▶ Task inputs
*****

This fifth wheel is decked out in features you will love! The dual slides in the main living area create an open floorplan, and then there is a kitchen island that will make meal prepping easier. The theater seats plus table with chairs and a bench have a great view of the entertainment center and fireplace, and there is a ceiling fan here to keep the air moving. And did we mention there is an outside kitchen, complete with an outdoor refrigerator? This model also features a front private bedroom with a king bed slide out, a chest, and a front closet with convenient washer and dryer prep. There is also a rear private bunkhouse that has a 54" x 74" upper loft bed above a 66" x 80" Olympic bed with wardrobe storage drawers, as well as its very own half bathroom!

*****

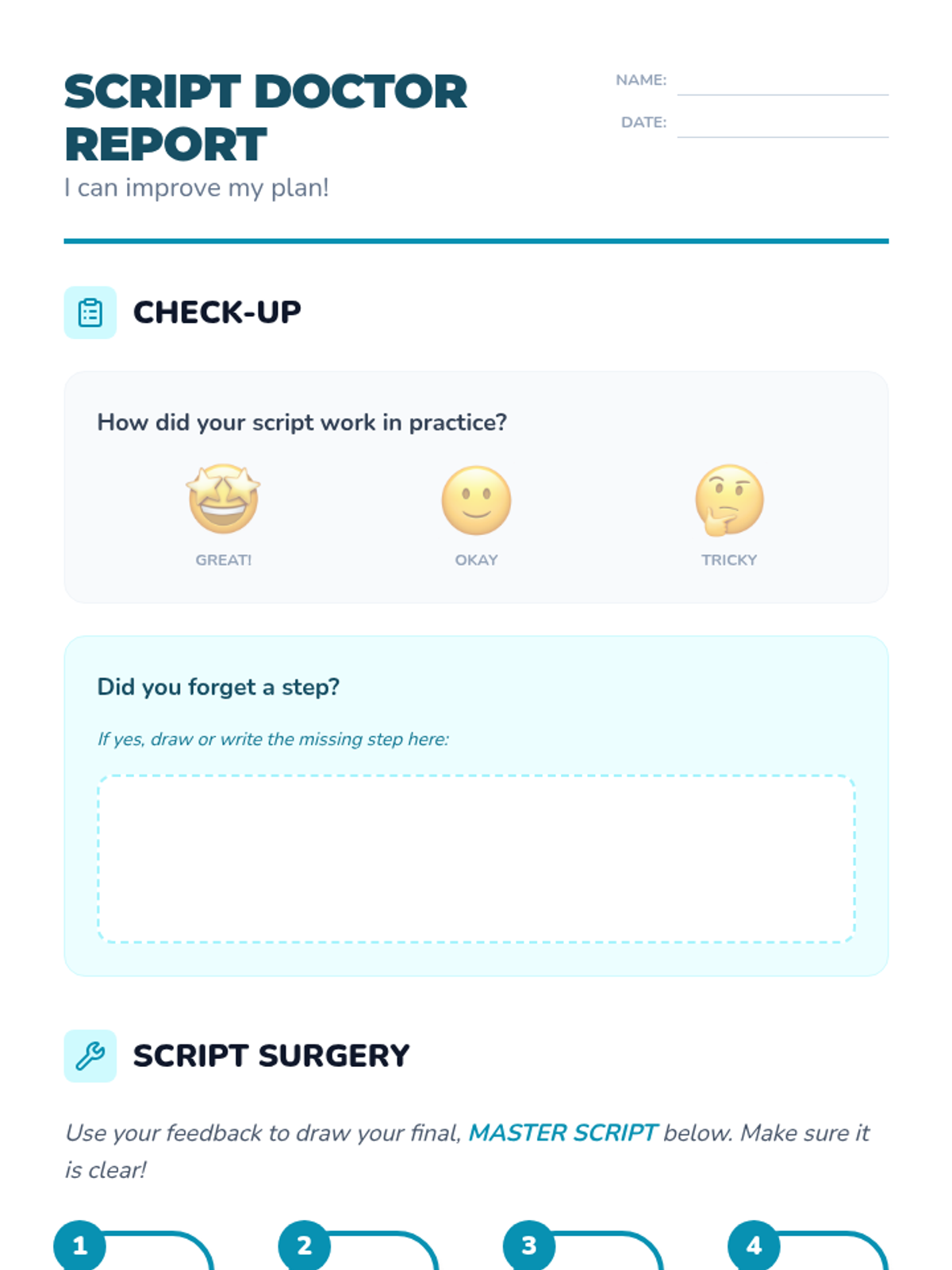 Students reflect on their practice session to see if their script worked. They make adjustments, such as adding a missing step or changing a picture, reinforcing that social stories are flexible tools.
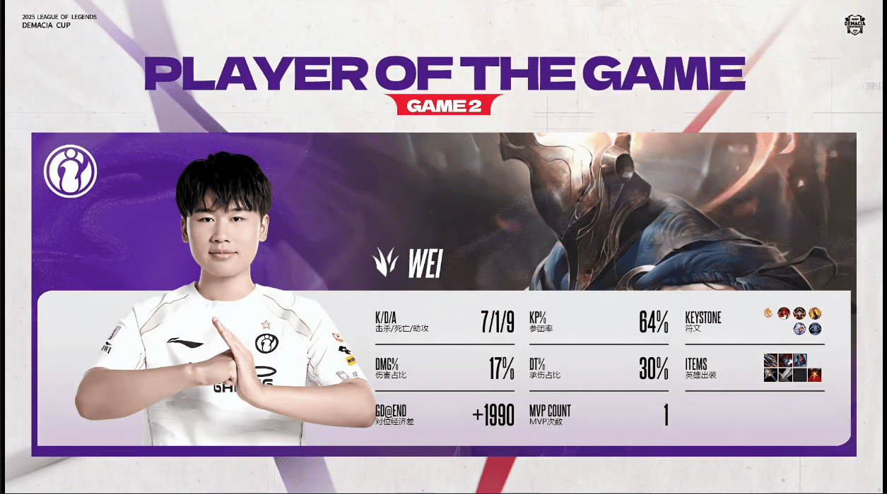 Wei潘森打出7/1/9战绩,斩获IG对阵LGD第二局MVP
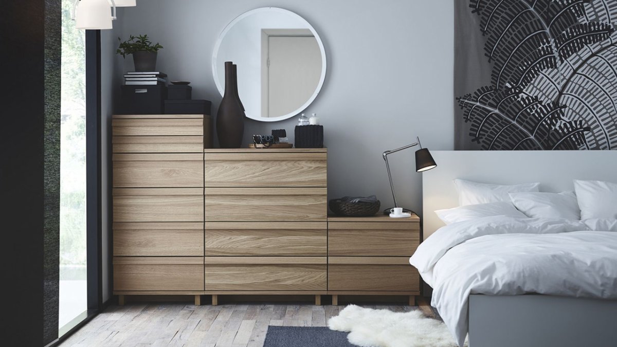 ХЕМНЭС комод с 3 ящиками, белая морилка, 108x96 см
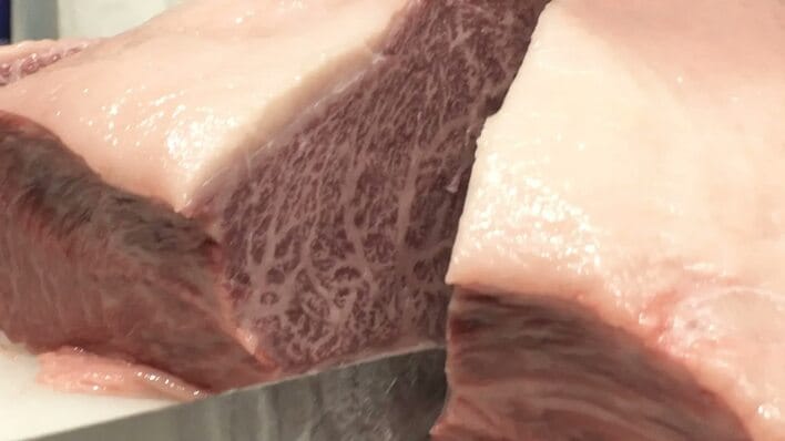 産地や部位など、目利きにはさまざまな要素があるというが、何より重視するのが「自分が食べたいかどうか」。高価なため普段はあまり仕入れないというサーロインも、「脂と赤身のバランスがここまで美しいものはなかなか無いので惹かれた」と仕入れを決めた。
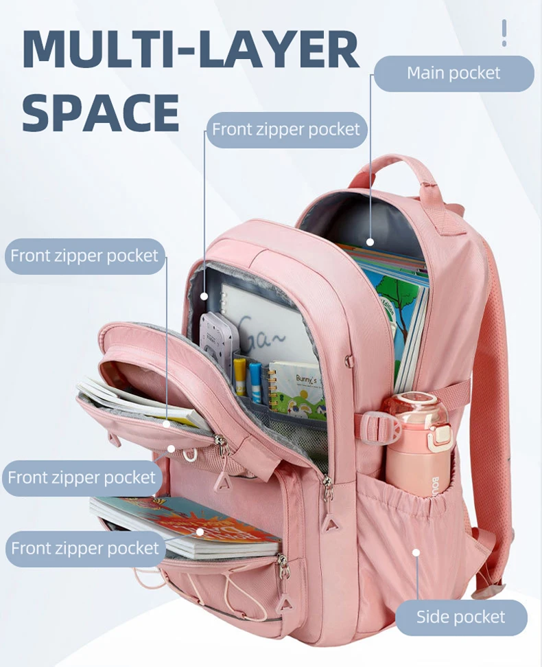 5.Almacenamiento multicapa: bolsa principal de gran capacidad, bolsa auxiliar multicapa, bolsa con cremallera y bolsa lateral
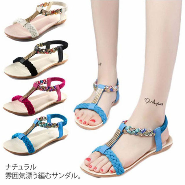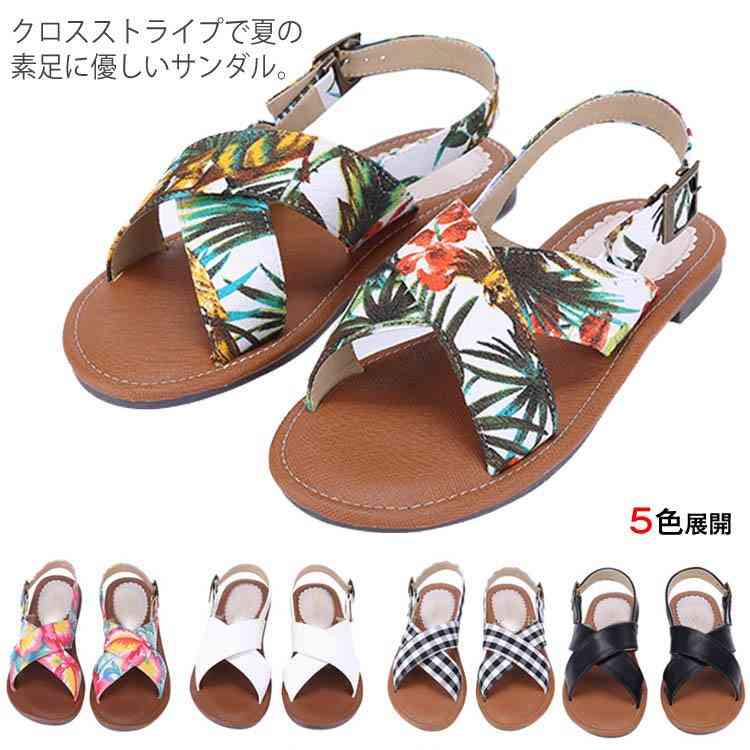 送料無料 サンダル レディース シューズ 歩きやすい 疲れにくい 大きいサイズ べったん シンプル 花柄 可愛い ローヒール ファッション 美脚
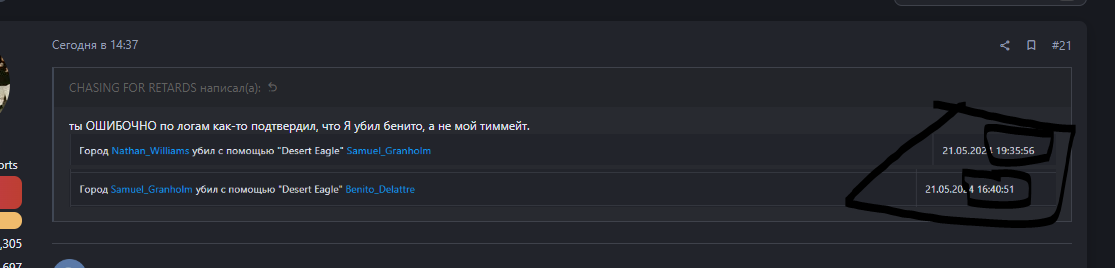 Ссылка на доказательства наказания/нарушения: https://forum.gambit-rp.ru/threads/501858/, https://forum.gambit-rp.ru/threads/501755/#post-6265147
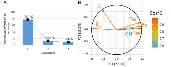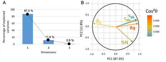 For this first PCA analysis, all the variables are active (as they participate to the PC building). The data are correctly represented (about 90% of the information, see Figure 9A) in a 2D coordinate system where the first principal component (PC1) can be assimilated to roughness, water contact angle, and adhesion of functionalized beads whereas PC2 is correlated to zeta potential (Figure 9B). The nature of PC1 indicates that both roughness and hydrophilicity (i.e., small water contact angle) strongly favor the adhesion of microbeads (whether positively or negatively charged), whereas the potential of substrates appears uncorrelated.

*****

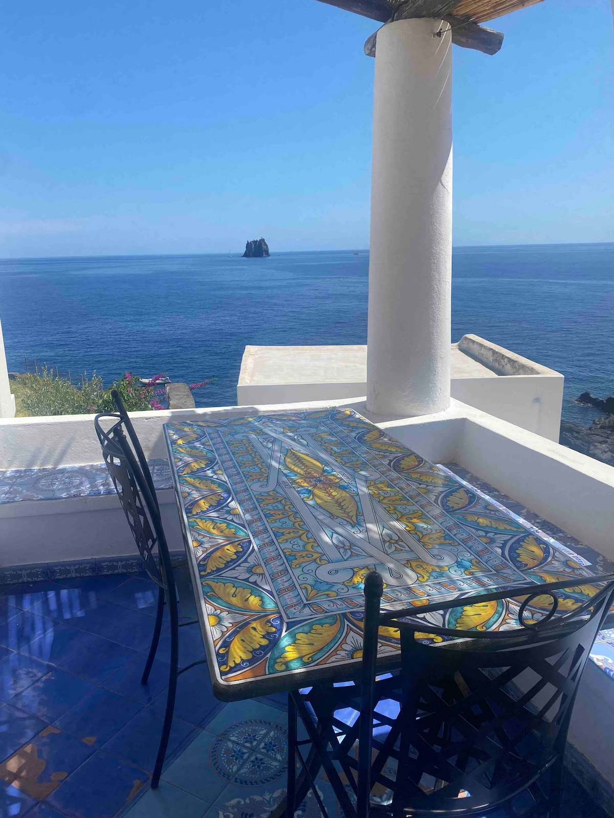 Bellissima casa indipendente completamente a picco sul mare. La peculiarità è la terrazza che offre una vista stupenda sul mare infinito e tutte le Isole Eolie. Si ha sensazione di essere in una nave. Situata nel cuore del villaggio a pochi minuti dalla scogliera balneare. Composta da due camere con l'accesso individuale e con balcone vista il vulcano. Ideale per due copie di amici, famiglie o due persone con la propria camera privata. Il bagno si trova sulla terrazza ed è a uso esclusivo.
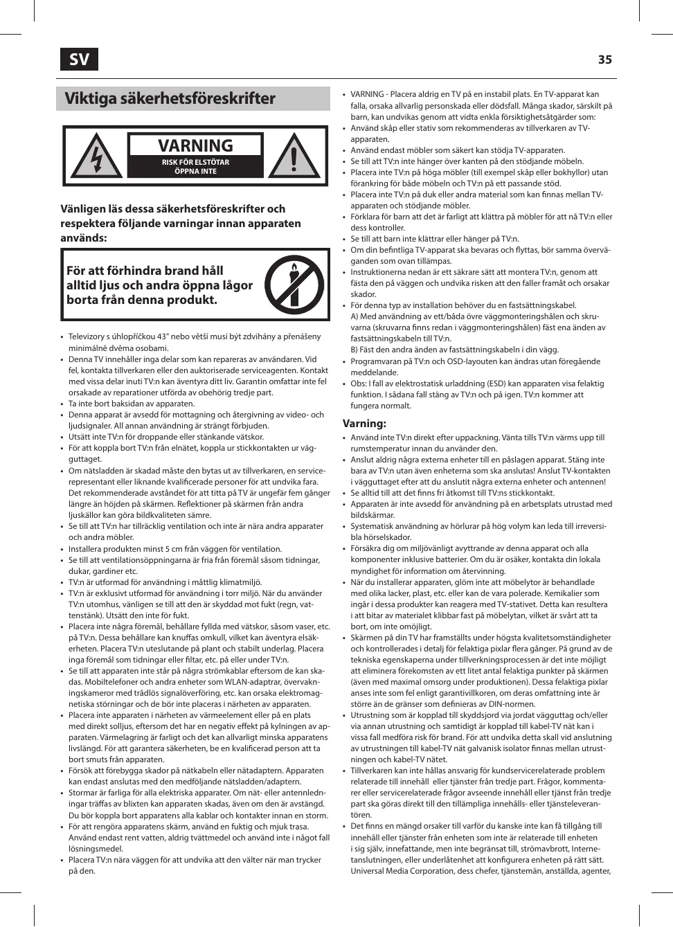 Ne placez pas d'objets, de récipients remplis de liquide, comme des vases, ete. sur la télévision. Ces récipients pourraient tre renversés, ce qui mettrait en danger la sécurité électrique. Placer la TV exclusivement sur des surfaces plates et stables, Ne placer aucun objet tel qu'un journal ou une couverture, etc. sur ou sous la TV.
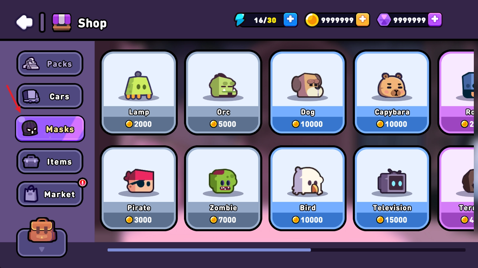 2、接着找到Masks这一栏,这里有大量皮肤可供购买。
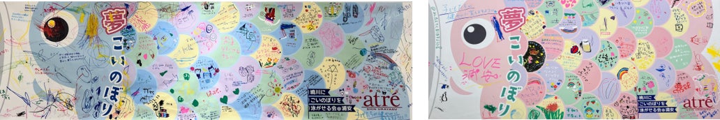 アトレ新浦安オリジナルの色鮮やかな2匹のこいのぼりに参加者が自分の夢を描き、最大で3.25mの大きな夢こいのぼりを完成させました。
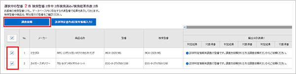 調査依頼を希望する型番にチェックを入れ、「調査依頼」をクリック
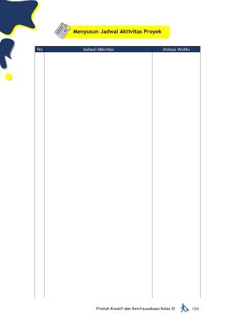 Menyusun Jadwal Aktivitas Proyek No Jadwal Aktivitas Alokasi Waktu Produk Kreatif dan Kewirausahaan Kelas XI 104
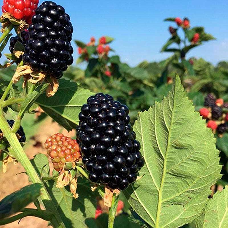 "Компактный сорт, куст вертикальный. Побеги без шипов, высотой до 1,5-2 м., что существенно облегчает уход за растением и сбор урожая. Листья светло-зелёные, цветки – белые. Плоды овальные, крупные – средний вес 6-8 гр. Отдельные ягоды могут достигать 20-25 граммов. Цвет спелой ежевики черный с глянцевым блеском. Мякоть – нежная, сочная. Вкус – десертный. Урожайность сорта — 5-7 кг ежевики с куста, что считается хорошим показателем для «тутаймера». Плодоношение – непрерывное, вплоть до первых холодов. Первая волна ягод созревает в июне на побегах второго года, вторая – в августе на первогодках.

*****

▶ Task directions
Both the line containing "ХЕМНЭС комод с" and the line containing "5.Almacenamiento multicapa: bolsa" above belong in the output, as do the lines between them. Print them exactly, without pictures.

▶ Your solution
 ХЕМНЭС комод с 3 ящиками, белая морилка, 108x96 см
 産地や部位など、目利きにはさまざまな要素があるというが、何より重視するのが「自分が食べたいかどうか」。高価なため普段はあまり仕入れないというサーロインも、「脂と赤身のバランスがここまで美しいものはなかなか無いので惹かれた」と仕入れを決めた。
 5.Almacenamiento multicapa: bolsa principal de gran capacidad, bolsa auxiliar multicapa, bolsa con cremallera y bolsa lateral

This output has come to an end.